Marsch zum Wolchow Apr. 42, Nachschubweg

Soldaten entladen im April 1942 einen im Schlamm liegen gebliebenen Pferdewagen auf dem Weg zum Wolchow.

Millionen Pferde gingen in diesem schrecklichsten aller Kriege an Futtermangel, Kälte oder Entkräftung zugrunde. Die notgeschlachteten Tiere landeten in dem meisten Fällen in den Kochtöpfen der Feldküchen. Nicht wenige Soldaten gaben sogar dem kurzfaserigen Fleisch dieser Huftiere dem von alten zähen Kühen den Vorzug.

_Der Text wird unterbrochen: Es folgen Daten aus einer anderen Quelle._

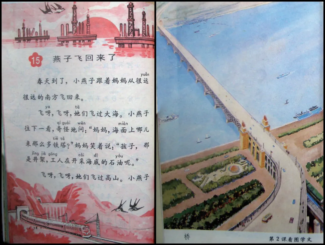 而对于社会主义现代化事业的想象,从80年代就开始成为教材插画的一大主题。林立的高压电塔,奔驰的列车,壮阔的大桥,先进的海上油田,都是波澜壮阔历史进程在小学课本中的缩影。
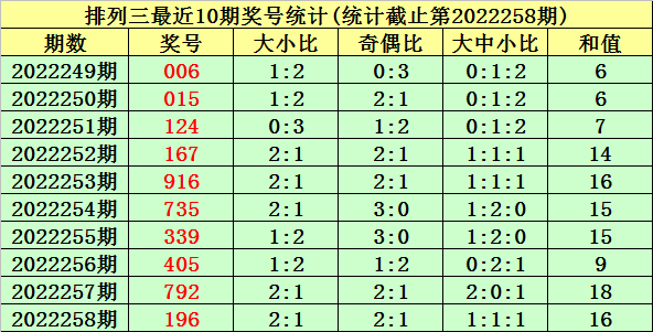 奇偶比分析:上期奇偶比3:3,近5期奇偶比分别为4:2、5:1、5:1、4:2、3:3,总比值为33:27,奇数号码走势较高,本期奇偶比推荐4:2。

Die Aufnahme marsch-zum-wolchow--april-42--03.webp verdeutlicht das Schicksal der Millionen von Pferden, die während des Krieges durch Futtermangel, Kälte oder Entkräftung zugrunde gingen. Oftmals landeten die notgeschlachteten Tiere in den Kochtöpfen der Feldküchen, wobei viele Soldaten das kurzfaserige Fleisch der Huftiere gegenüber dem von alten, zähen Kühen sogar bevorzugten.
Das Bild führt einem die brutale Realität des Krieges vor Augen, in der die Tiere als unverzichtbare, aber gleichermaßen leidende Bestandteile der militärischen Logistik in einem erbarmungslosen Umfeld agierten.

In diesem Zusammenhang wird deutlich, dass die Versorgungsstrukturen der Wehrmacht in den Sumpfgebieten wie am Wolchow unter extremstem Druck standen, was den Verzehr von Pferdefleisch zu einer zwangsläufigen Begleiterscheinung der täglichen Truppenverpflegung machte. Der Einsatz der Pferde unter solchen Bedingungen war nicht nur ein logistisches, sondern auch ein humanes und ethisches Desaster, bei dem die Tiere als „Verbrauchsgüter“ den Strapazen des Marsches preisgegeben waren. Diese Dokumentation der letzten Kraftreserven der Gespanne im Schlamm spiegelt die gesamte Verzweiflung und Entbehrung wider, die den Vormarsch im April 1942 prägten.

Den hinterlegten und kursiven Text lieferte im Juli 2026 die KI Gemini.